Sunday, August 30, 2015

The Lost Child

Last night, I gulped down an orange-flavored melatonin drink, knocked back a cortisol manager pill and a magnesium capsule, and slathered on some lavender-smelling cream meant to calm the adrenal glands. All of this in the name of sleep, which has been difficult to come by during this summer of unemployment. Sleep seems to be a reward reserved for tired people, folks who pour their energy into jobs or families. It isn't for those seeking gainful employment, and it certainly isn't for those seeking themselves.

In the warm, fan-stuttered darkness, I kick the sheets and toss pillows, hoping to get comfortable.

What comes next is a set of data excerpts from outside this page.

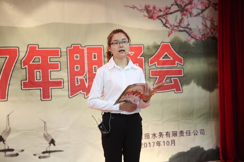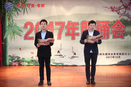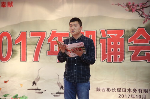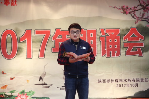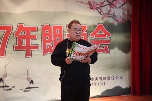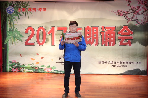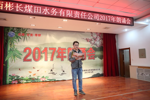 為豐富職工的業(yè)余文化生活,鼓勵職工閱讀,10月31日下午,公司在多功能廳舉辦2017年朗誦會(huì ),共有16名選手登臺朗誦。朗誦會(huì )以歌頌黨、歌頌祖國、傳播社會(huì )正能量、弘揚水利事業(yè)、贊美美好生活為主題,充分展現了彬長(cháng)水務(wù)人朝氣蓬勃的活力和積極向上的良好風(fēng)貌。
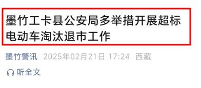 近期,西藏墨竹工卡县正在开展超标电动车淘汰退市工作,公安交警采用流动执法和定点检查等方式,集中整治无牌无照超标电动车,同时还加强乱闯红灯、逆向行驶、不戴头盔等违法上路行为的治理。治理期间,无牌无照超标电动车违规上路,交警部门将进行暂扣或者报废处理。
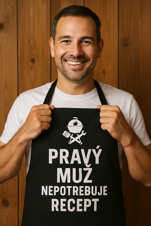 Zástera „Pravý muž“: Pre kuchynského kráľa, ktorý vie, že pravý muž nielenže ovláda gril, ale aj mixér! Perfektný darček pre každého chlapa, ktorý sa nebojí okoreniť život (a večeru).
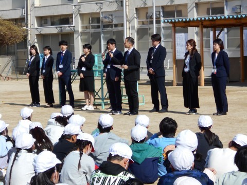 新しく赴任された先生方からの挨拶がありました。その後に校歌斉唱♪
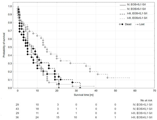 Dividing the whole study population according to two confirmed significant factors—stage and EOS status—led to distinguishing Kaplan–Meier curves for OS with p = 0.024 (Table 5 and Figure 2). Median survival times were decreasing with the increase in EOS and for disease advancement: for stages I–III and EOS ≥ 0.1 G/l: 14.5 months, for stages I–III and EOS < 0.1 G/l: 8.0 months; for stage IV and EOS ≥ 0.1 G/l: 7.0 months, for stage IV and EOS < 0.1 G/l: 5.0 months. The course of the curve for stages I–III and EOS < 0.1 G/ resembles the courses of curves for stage IV groups.
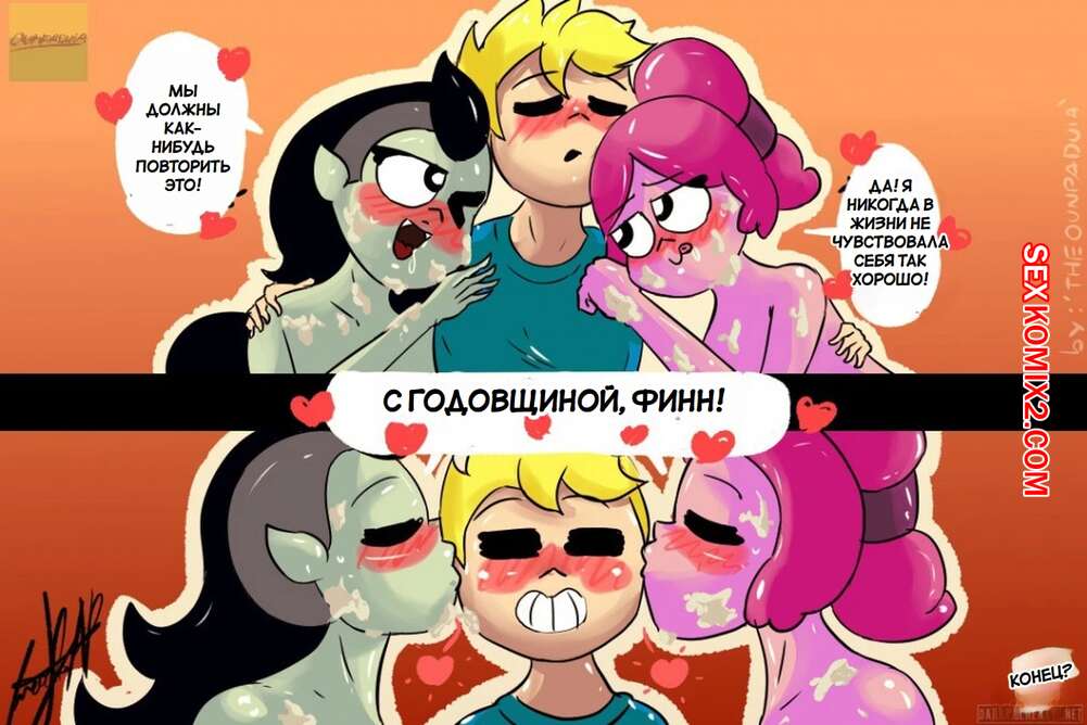 Порно комикс Время приключений. Счастливый час. Happy Hour Горячие красотки были очень возбуждены и решили повеселиться со своим дружком. Они разделись и отсосали большой хуй парня, после чего дали ему себя выебать во все дырочки.
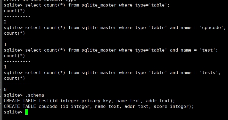select count(*) from sqlite_master where type = 'table' and name = 'cpucode';

I wrap my arm around my partner, bury my face in her neck, pull back to scratch my cheek where her hair tickles my skin, turn over so as not to bother her, bump into my cat who rubs his toothy gums across my jaw and jams his paws against my throat, set him at the foot of the bed, get up, go to the bathroom, head to the kitchen, drink some water, return to the bedroom, crank up the window AC, pop in a pair of earplugs, settle under a sheet, close my eyes, breathe...breathe...breathe, silently ask the darkness to carry me deep enough for dreams, hold my breath, breathe, sigh, and click on my smart phone.

Maybe I'll find what I'm looking for on the Internet.